250. Add a similar pair of resistors to the non inverting inputs, with the 1k resistor going to the top end of the sense resistor and the 249k connected from the non inverting input to the local signal ground used by the comparators (which I see are referenced to ground at the moment, indicating a current trip of zero). then reconnect the 1k that is shown grounded to the grounded end of the sense resistor.

This implies that there are two connections to each end of these resistors. One that carrys the current and one that connects to the sense amplifier but does not carry current. If you are working with a plug board, I suggest you solder an extra lead onto each end of the sense resistors, so you can use separate sockets for the current carrying path and the signal path, so the contact resistance of the socket is not included in the sensing operation.

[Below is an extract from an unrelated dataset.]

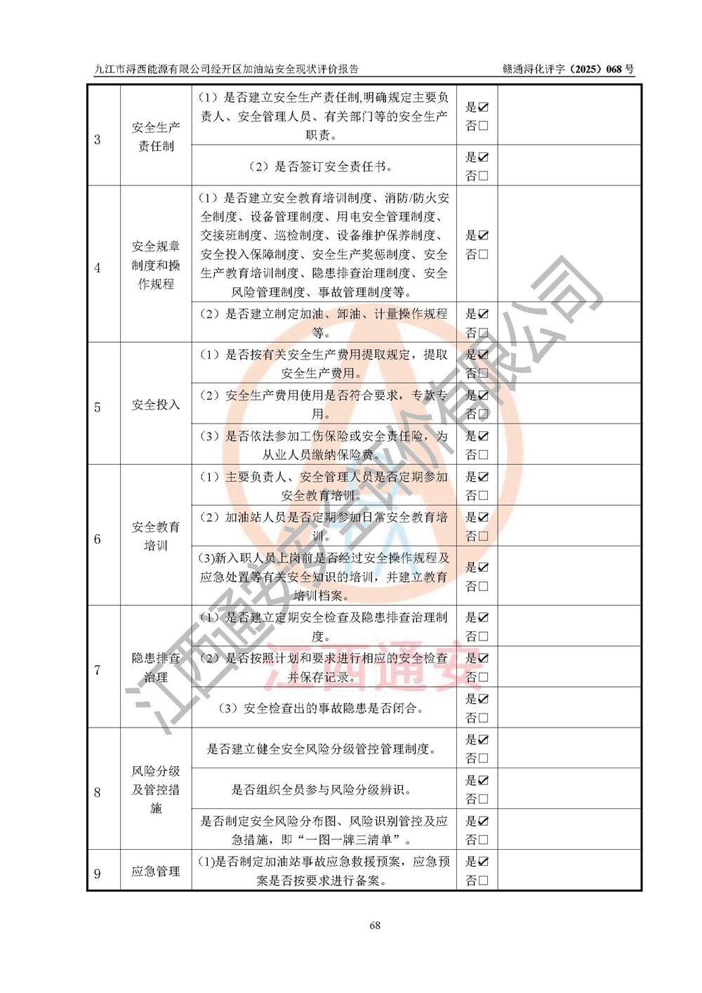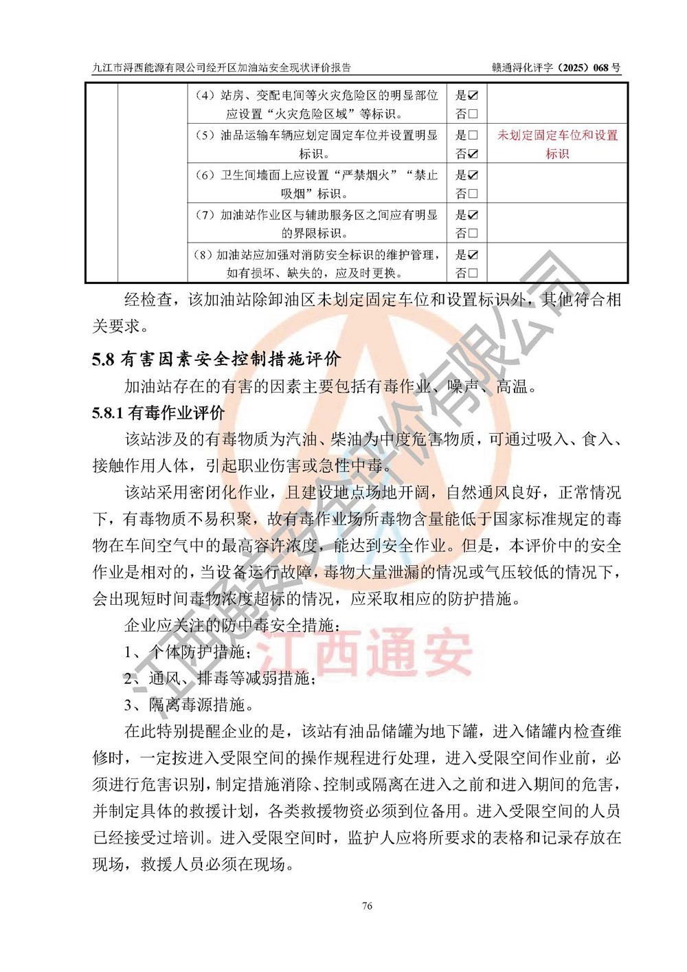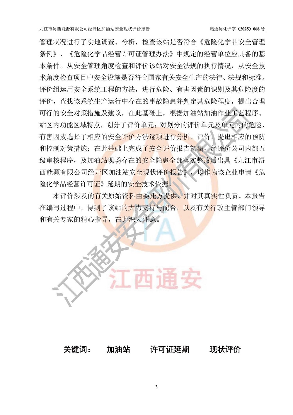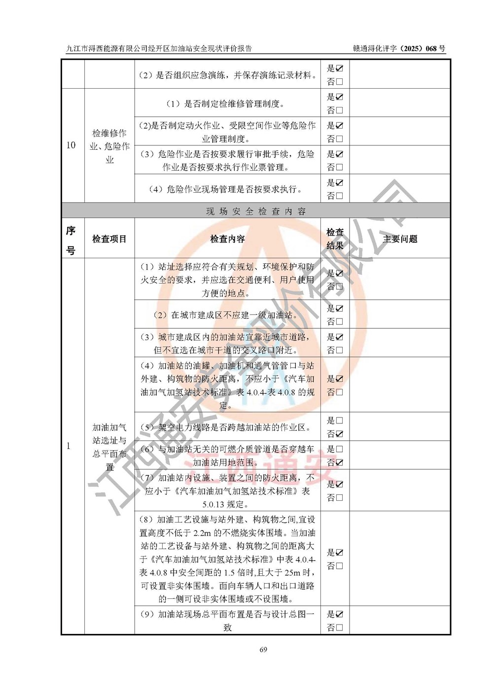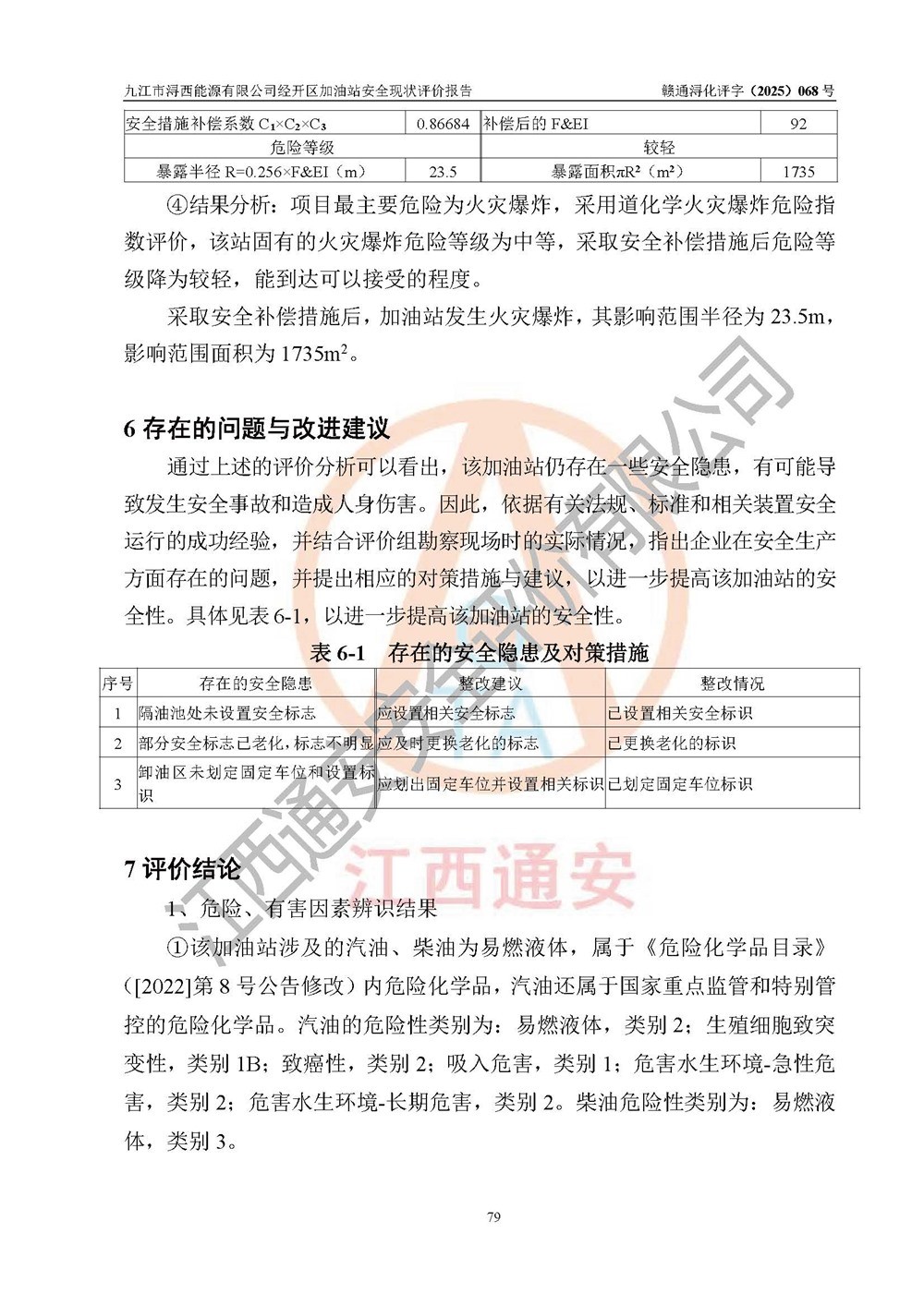 評價報告名稱 | 九江市潯西能源有限公司經(jīng)開區(qū)加油站安全現(xiàn)狀評價報告 | |||

Once you get the ground noise problems under control, you will be in a much better position to deal with comparing various ways to drive the bridge mosfets.

It is very helpful.

Reply to
John Popelish
Loading thread data ...

"Bypass" means connect a small bypass capacitor between the chip's supply and ground pins, so that the pulses of current they consume do not have to zip all the way back to the supply. I recommend either X7R type ceramic or stacked film types for low internal resistance.

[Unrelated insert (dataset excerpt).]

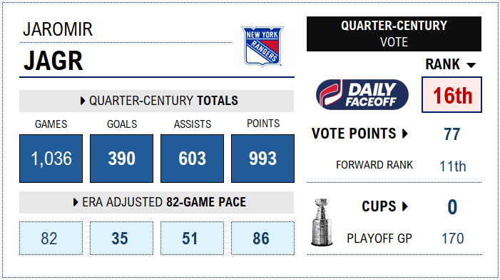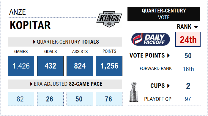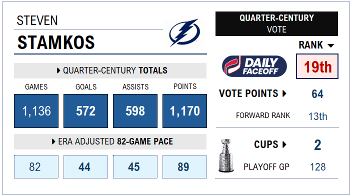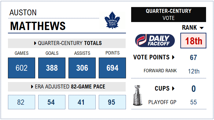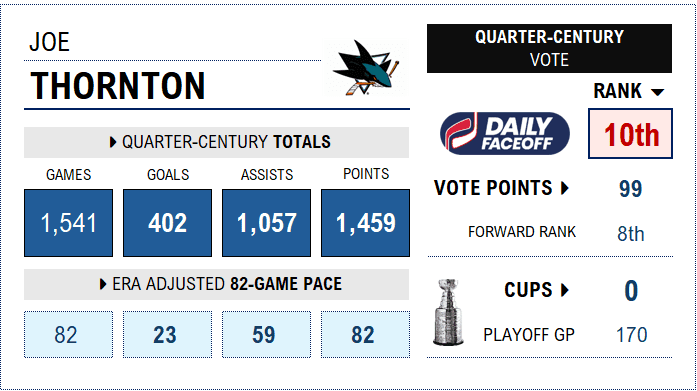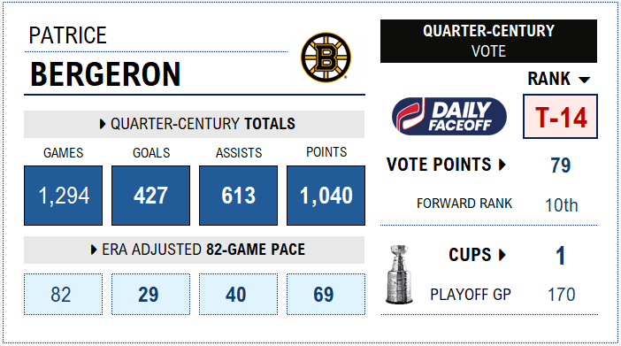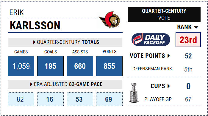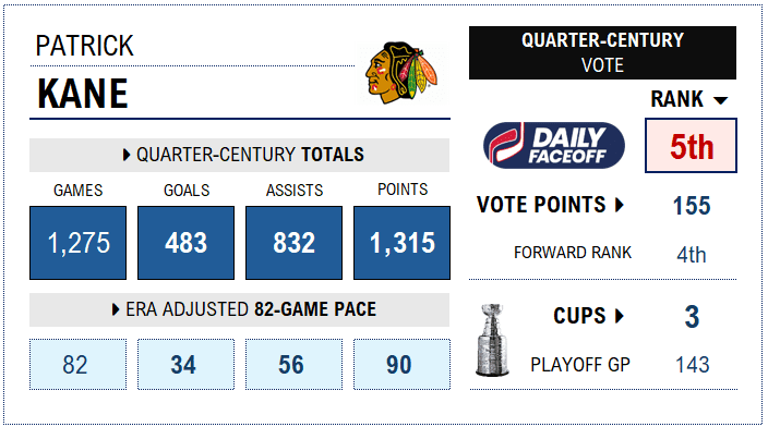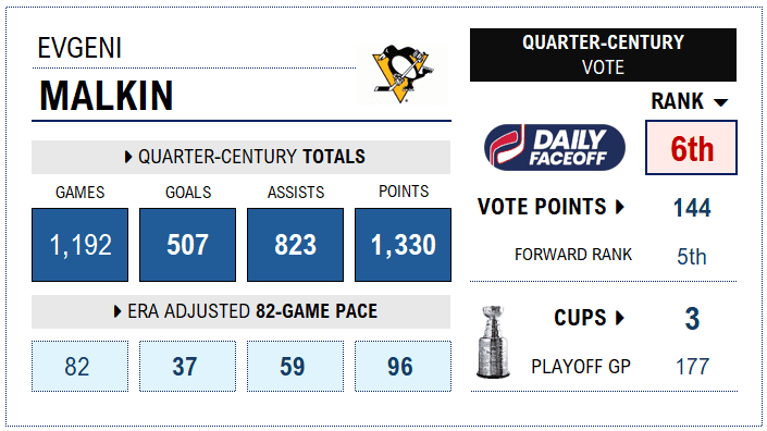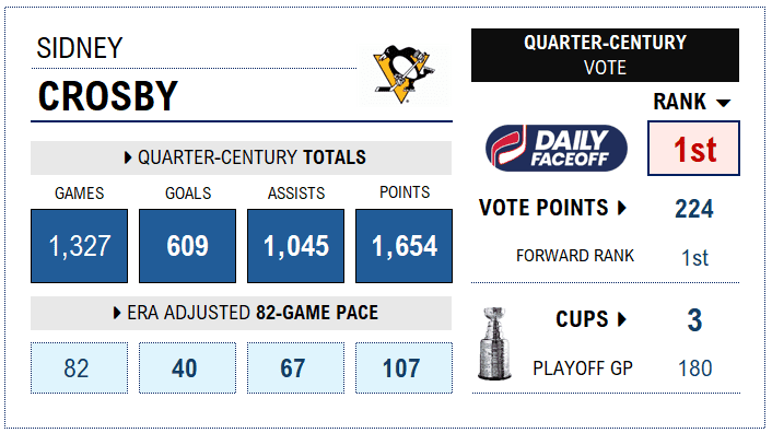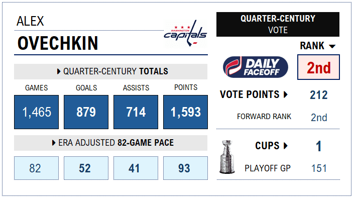 Now, let’s break down the top 25. Presenting Daily Faceoff’s Quarter Century team, rated based on performances from 2000 onward. Special thanks to Paul Pidutti for contributing the graphics for each player depicting what they accomplished over that span.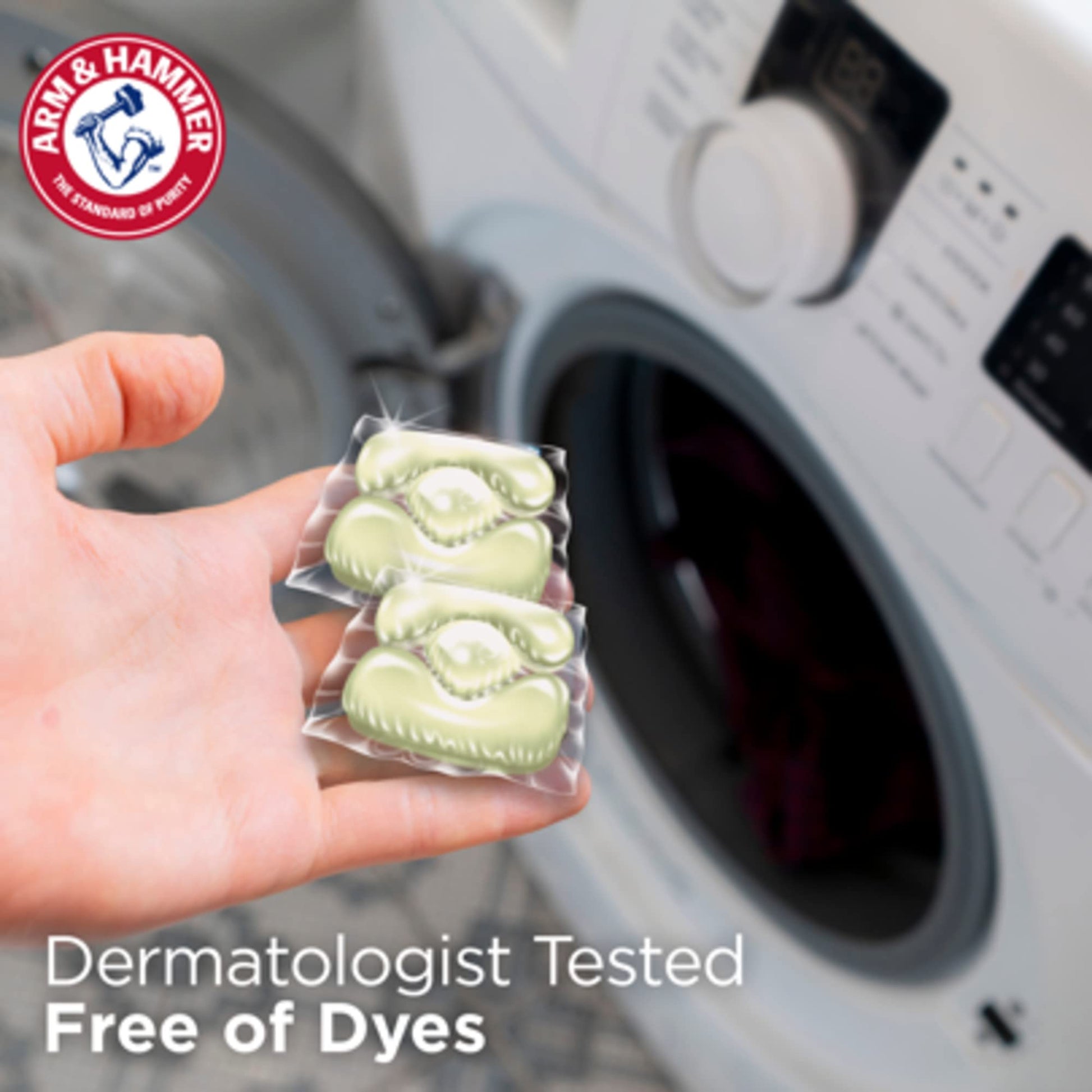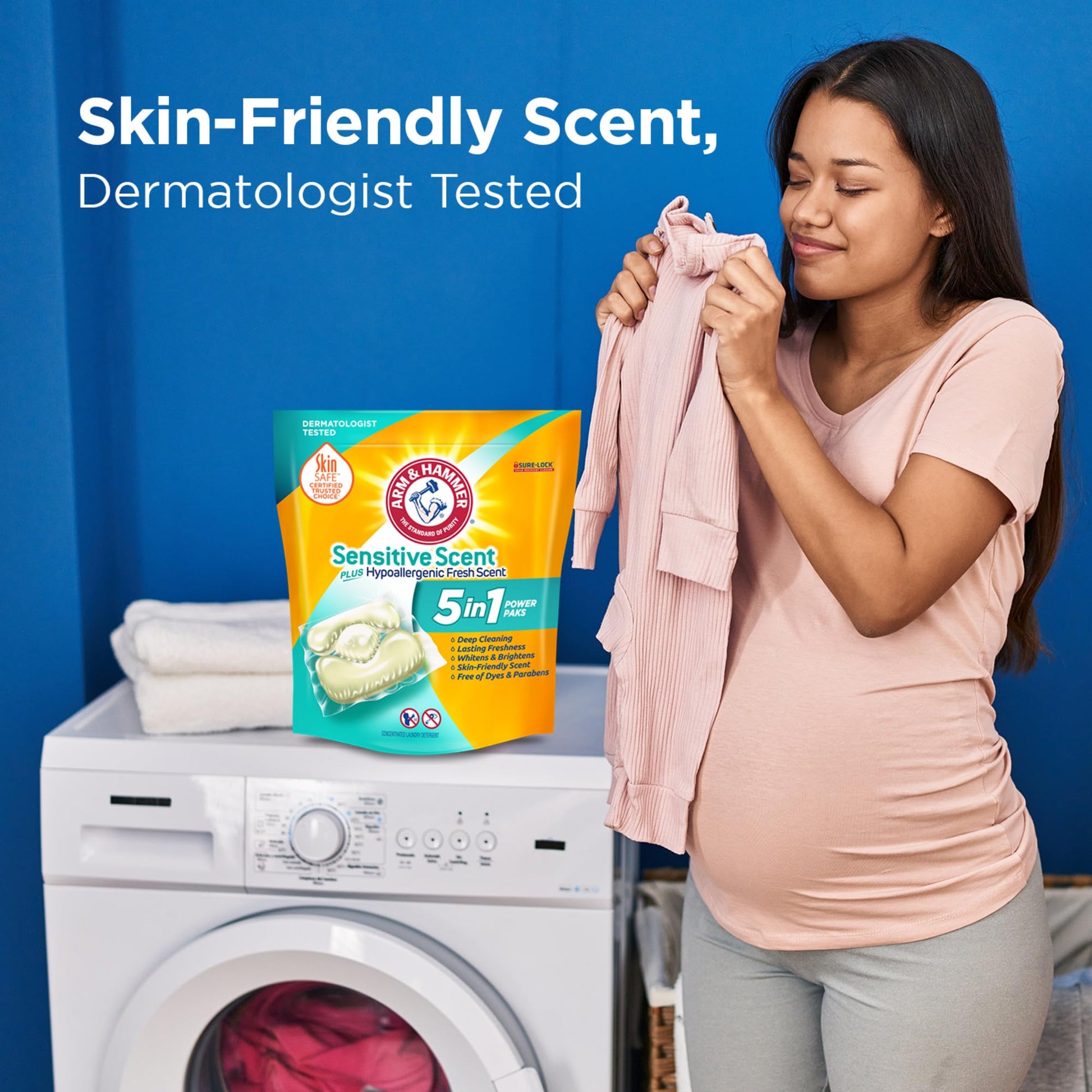 Details: A laundry detergent that delivers 5-in-1 cleaning power with a hypoallergenic skin-friendly scent—it’s all here in ARM HAMMER Sensitive Scent 5-in-1 Power Paks. This concentrated laundry detergent offers 5 powerful cleaning benefits in 1: deep cleans, whitens whites, brightens colors, fights odors with a dermatologist-tested, skin-friendly fragrance, and delivers ARM HAMMER freshness, all without the use of irritating dyes. This dye free laundry detergent is specially formulated to work in both standard washers and today's energy-conscious High Efficiency (HE) models. It is a laundry wash detergent free of dyes that has a fragrance designed and clinically tested to be gentle on sensitive skin. This dye free laundry detergent helps fight tough dirt and odors all with a light, skin-friendly scent that leaves clothes smelling great. Get effective cleaning power with ARM HAMMER Sensitive Scent 5-in-1 Power Paks, designed to work in all temperatures and all machines. Drop one in today!

0.1 uF should be plenty for low power stuff. The H bridges need lots more. Something like one or two 1uf stacked film (like the Panasonic V-series) and at least 470 uf low series impedance electrolytic (I like the Panasonic FM series).

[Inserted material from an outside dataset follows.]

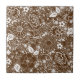 Belezas Botânicas BROWN e Azulejo cerâmico BRANCO - é um design de arte gráfica. Um impressão de fundo de várias folhas de flores; pontos e espirais. As flores estão em muitos tamanhos diferentes, do muito grande até apenas pequenos pontos. As flores e folhas botânicas são todas impressas em branco sobre fundo de cor sólida. É um design divertido e caprichoso perfeito para aqueles que adoram flores e jardins. Este impressão botânico está disponível em várias cores.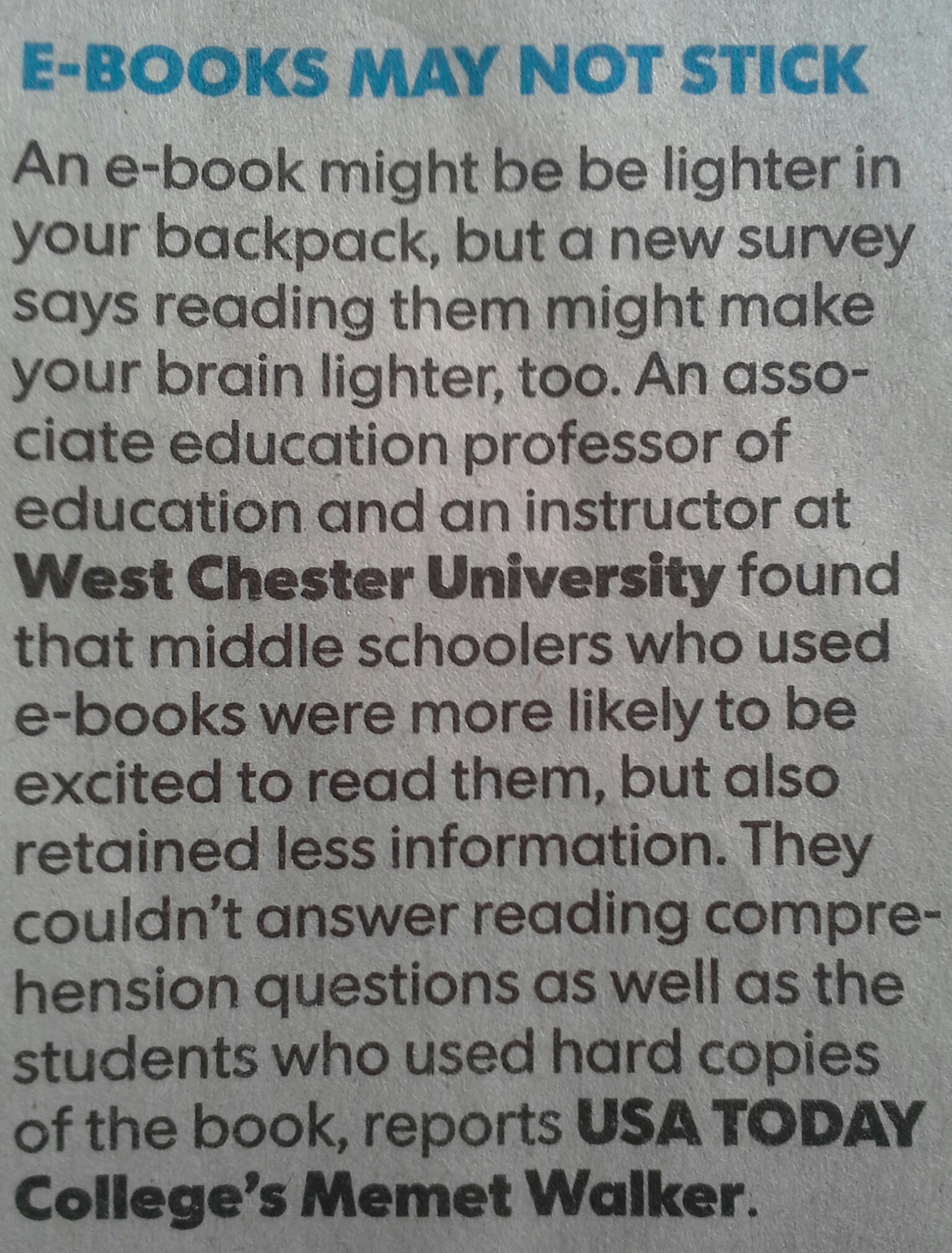 The fact that I’ve never seen coverage of a study that has found “few significant differences” may suggest a media preference for the “paper is better” story, or it may simple reflect the views and biases of my news sources.

Your method includes the ground noise. The subtracter separates the current signal from the ground noise. The processor reset is the ground noise causing mischief through another path.

The H bridge ground current is still causing voltage drops on its way back to the 24 volt supply. If those drops get into the logic, it will cause trouble.

I am sure that, without correct bypassing, your H bridge will cause any number of ground noise problems. I was just trying to help you correct the current sense problem since it involves a change to the schematic I could see. Correct bypassing will help all of them.

Reply to
John Popelish

If the chip uses current in sharp pulses, it does. The trace length over to another not so nearby capacitor will act as an inductor that will resonate with the capacitor, causing the supply line to have a sinusoidal ring superimposed on the supply voltage, each time a pulse is used. Getting used to thinking of copper traces as low value resistors and inductors is part of judging where and how much bypass is needed. But testing examples with a scope is also important.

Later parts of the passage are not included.